Simone Brugaletta

Personal information
- Date of birth: 19 January 1994 (age 31)
- Place of birth: Modica, Italy
- Height: 1.78 m (5 ft 10 in)
- Position(s): Defender

Team information
- Current team: Santa Maria Cilento
- Number: 19

Youth career
- Catania

Senior career*
- Years: Team / Apps / (Gls)
- 2014: Catania / 0 / (0)
- 2014–2016: Teramo / 25 / (0)
- 2016–2019: Gela / 86 / (2)
- 2019–2020: Chieti / 18 / (1)
- 2020–2022: Sant'Agata / 64 / (0)
- 2022–2023: Acireale / 30 / (0)
- 2023: Ragusa / 12 / (0)
- 2023–: Santa Maria Cilento / 2 / (0)

International career
- 2022–: Sicily / 1 / (0)

= Simone Brugaletta =

Italian footballer

Simone Brugaletta (born 19 January 1994) is an Italian footballer who plays as a defender for Serie D club Santa Maria Cilento.

==Career==

Brugaletta started his career with Italian Serie A side Catania. In 2014, Brugaletta signed for Teramo in the Italian third tier, where he made 27 appearances and scored 0 goals.
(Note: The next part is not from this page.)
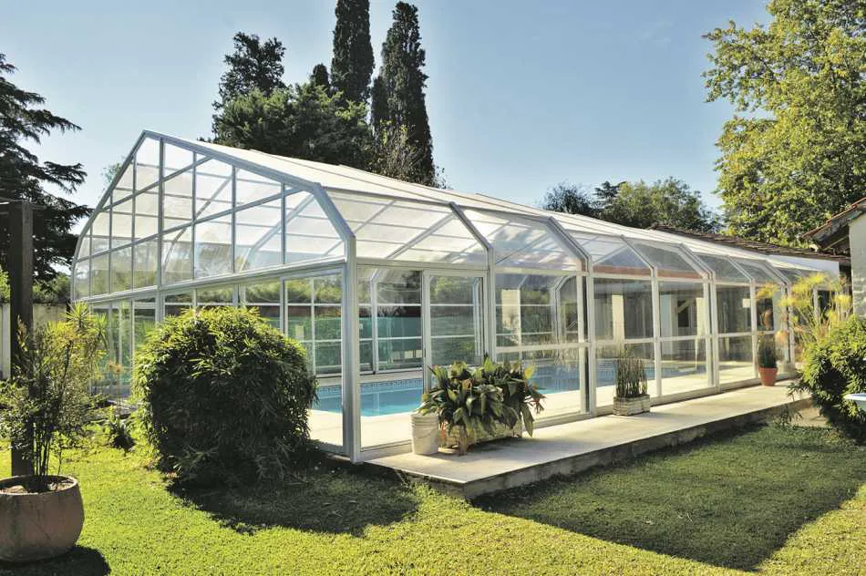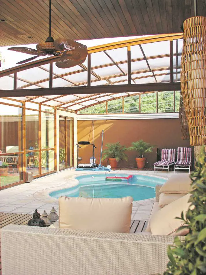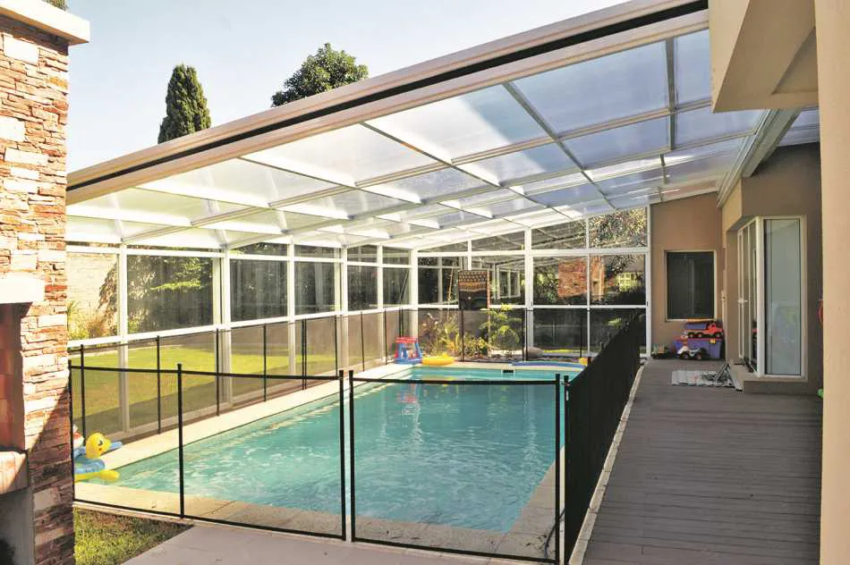 placer, juegos, risas, diversión. El agua nos relaja, nos hace bien a la salud y a la mente. Entonces, ¿por qué no extender ese placer a todos los días del año? La piscina, que hace años era considerada un accesorio del parque, es hoy un ambiente más de la propiedad. Se trata de integrarla a la casa y de optimizar su uso el mayor tiempo posible, calefaccionándola y automatizándola. Sin embargo, por más calefaccionada que esté el agua, si la pileta se encuentra completamente al aire libre es inevitable no sentir frío y correr riesgo de enfermarse a causa de los cambios bruscos de temperatura. Por eso, cada vez cobran más fuerza los cerramientos telescópicos, que se incorporan a la pileta de manera rápida, sencilla y sin necesidad de obra.

On 10 August 2014, he debuted for Teramo during a 2–3 loss to Südtirol.

In 2020, Brugaletta signed for Italian fourth tier club Sant'Agata.

In 2022, Brugaletta played for the Sicily national football team against Sardinia and then signed for Italian fourth-tier Serie D club Acireale.